/web-scraping-books

scrapes book data and images, converts them to json, and processes images as thumbnails. based on camelcodes' web scraping tutorial

Primary LanguagePython

Web Scraping JSON Data and Images from HTML: Python Tutorial 📖

This repository contains a Python-based project demonstrating web scraping techniques to extract book data and images from a website. The project is inspired by the tutorial “Web Scraping JSON Data and Images from HTML: Python Tutorial 📖” by Moulaye Eli, published on CamelCodes.net.

📚 Overview

This project focuses on:

  • Extracting book details and images from the CamelCodes Books Page.
  • Structuring the extracted data into a JSON format.
  • Processing and saving images as thumbnails.

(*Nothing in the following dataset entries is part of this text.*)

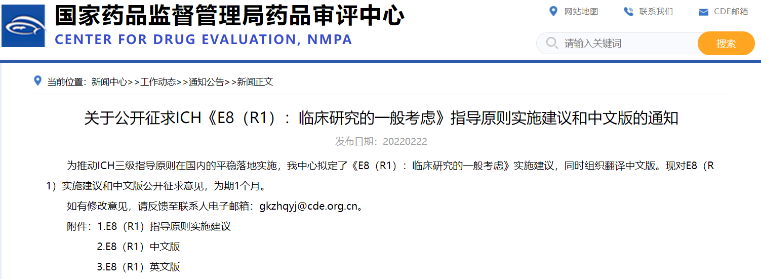 關于公開征求ICH《E8(R1):臨床研究的一般考慮》指導原則實施建議和中文版的通知
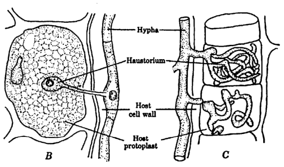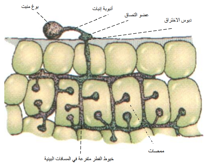 الشكل 9: أشكال مختلفة من الممصات Haustoria
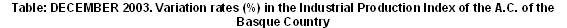 In 2003 as a whole, the highest accumulated growth, in absolute terms was in the following sectors: “Oil refining” (21.4%), "Rubber and plastic" (7.1%), "Electric material" (6.4%) and "Chemical industry" (2.9%). Conversely, the most negative accumulated rates were in "Leather and footwear industry" (-14.7%), "Other manufactured" (-4.7%), "Timber industry" (-3.7%) and "Machinery" (-1.2%).
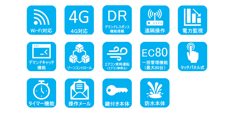 本体1台で室外機80台まで一括接続が可能です。また設定は8ブロック(ゾーン)まで分けて設定ができます。
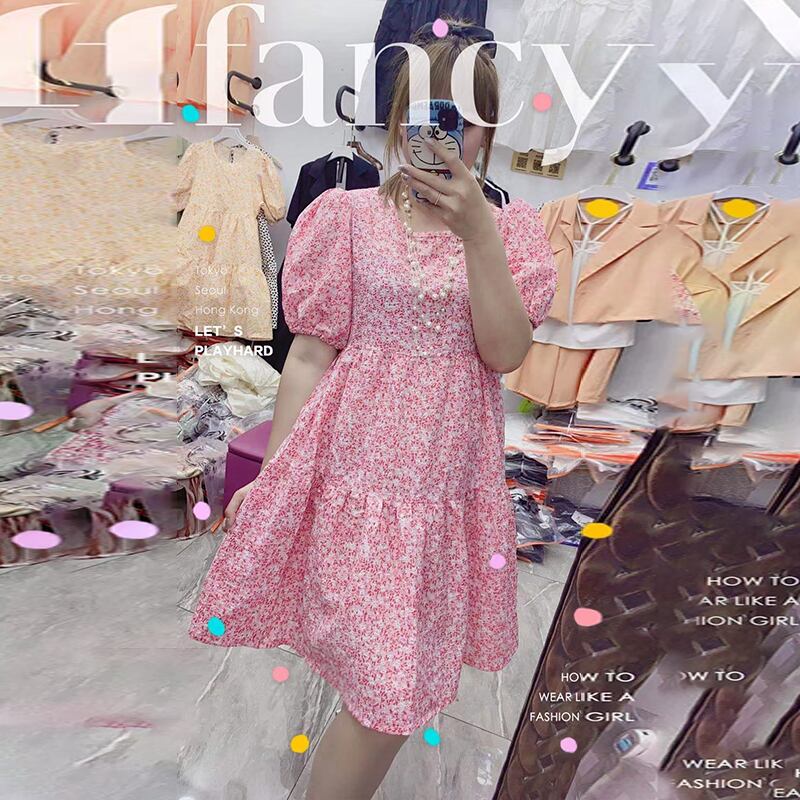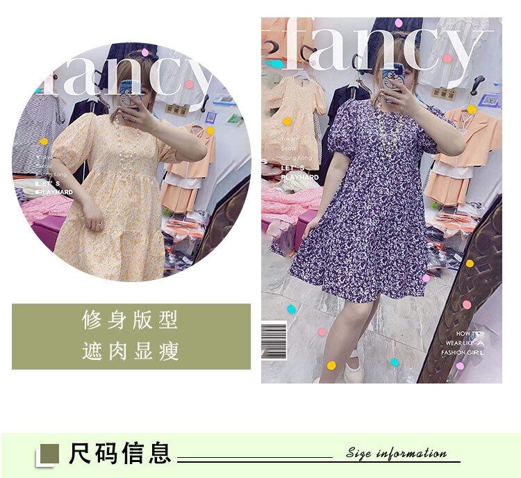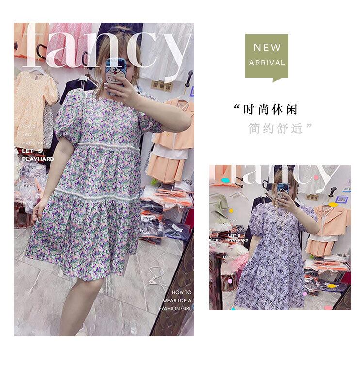 サマードレス ラウンドネックスリーブパターンFlowerデザイン スカート 大きめサイズ 夏物 Oネック フラワーデザイン ミックスインファッション33861457261

The aim is to provide a comprehensive guide to web scraping, including handling both textual and visual data.

🔧 Prerequisites

To run this project, ensure that Python 3 is installed on your system. Additionally, you will need to install the following Python libraries:

  • beautifulsoup4 for parsing HTML content.
  • pillow for image processing.
  • requests for making HTTP requests.

Create a requirements.txt file with the following content:

beautifulsoup4==4.12.3
pillow==10.2.0
requests==2.31.0

Install the dependencies using the following command:

python3 -m pip install -r requirements.txt

🛠️ Project Structure

  • file_utils.py: Contains utility functions for file operations such as creating directories and saving JSON files.
  • image_utils.py: Includes functions for downloading, resizing, and saving images.
  • web_utils.py: Manages web requests and HTML content retrieval.
  • data_extractors.py: Extracts and processes book information from HTML content.
  • timing_utils.py: Provides timing utilities to measure script execution duration.
  • main.py: Orchestrates the web scraping process, including data extraction and image processing.

🚀 Usage

  1. Setup: Ensure the necessary folders for JSON and image storage are created by the script.
  2. Execution: The script will fetch HTML content from the target URL, extract book details, and process images.
  3. Output: The extracted data will be saved in a JSON file, and images will be resized and stored in the designated folder.

To execute the script, run:

python3 main.py

🖥️ Example Output

Upon successful execution, you will find:

  • A books.json file containing the structured book data.
  • Resized images saved in the specified directory.

📜 Acknowledgements

This project is inspired by the tutorial Web Scraping JSON Data and Images from HTML: Python Tutorial 📖 by Moulaye Eli.